Members of the Senate Education Committee on Thursday approved Senate Concurrent Resolution 25 to task the Board of Elementary and Secondary Education to begin studying how the state could implement an education savings account program.
The resolution follows Gov. John Bel Edwards’ veto of legislation last session to create ESAs students can use for private school tuition or other education expenses outside of the public school system. The bills would have provided state funds to students struggling to read and those with disabilities. Hewitt is a Republican candidate for governor.
“It’s basically doing the homework,” she said.
At least 11 states currently provide some form of ESAs, though some restrict eligibility to students with disabilities, certain geographic regions, or to students in failing public schools. In Louisiana, two bills are pending in the House to offer ESAs.
House Bill 98, sponsored by Rep. Lance Harris, R-Alexandria, would create a Sunshine Scholarship Program to provide education savings accounts with a student’s per-pupil state funding parents can use to send their children to a school of their choice.
HB 9, sponsored by Rep. Rhonda Butler, R-Acadia, would do the same for students with disabilities.
Both bills cleared the House Education Committee in late April and are now pending in the House Appropriations Committee.
Other legislation approved by the Senate Education Committee on Thursday included Senate Bill 7, sponsored by Sen.
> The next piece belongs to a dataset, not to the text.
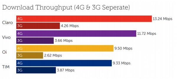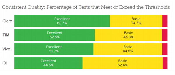 A pesquisa daTutela analisou dados de 403 bilhões de acessos móveis no Brasil, entre 1º de janeiro e 31 de março. Os dados foram obtidos de 3 mil aplicativos parceiros, que usam tecnologia da consultoria. De acordo o relatório, a Claro apresenta 62,3% dos downloads no padrão de qualidade excelente- 10% acima do segundo colocado. A TIM e a Vivo seguem muito próximas com 52,6% e 51,7%, respectivamente. Por último, a Oi aparece com 44,5%.
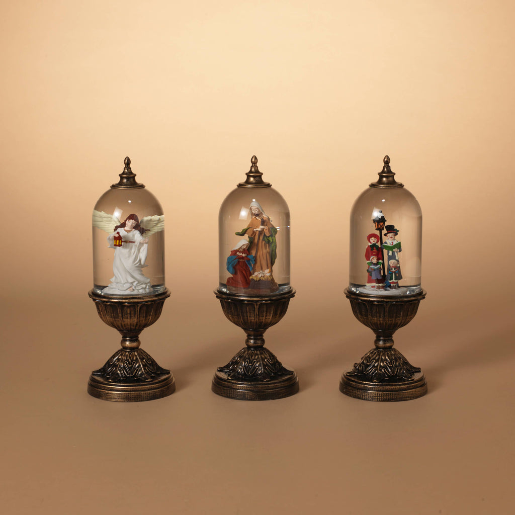 11.5"H B/O Lighted Spinning Water Globe w/ Holiday Figurine, 3 Asst

Heather Cloud, R-Turkey Creek, to require all libraries to adopt and implement a policy to limit the access of minors to sexually explicit material.
“It keeps local control for library systems to adopt policies with respect to their community standards,” Cloud said.
The bill would require library boards to vet books for sexually explicit material when challenged by parents or residents and to implement a library card system that requires a minor’s parent or guardian to select whether the minor is permitted to check out sexually explicit material physically available in the library.
Opposition to the bill came from 10,000 Women Louisiana, Friends of the New Orleans Public Library, East Baton Rouge Parish Library, and several parents who testified. Parents also testified in support, along with the Louisiana Baptist Convention, and others.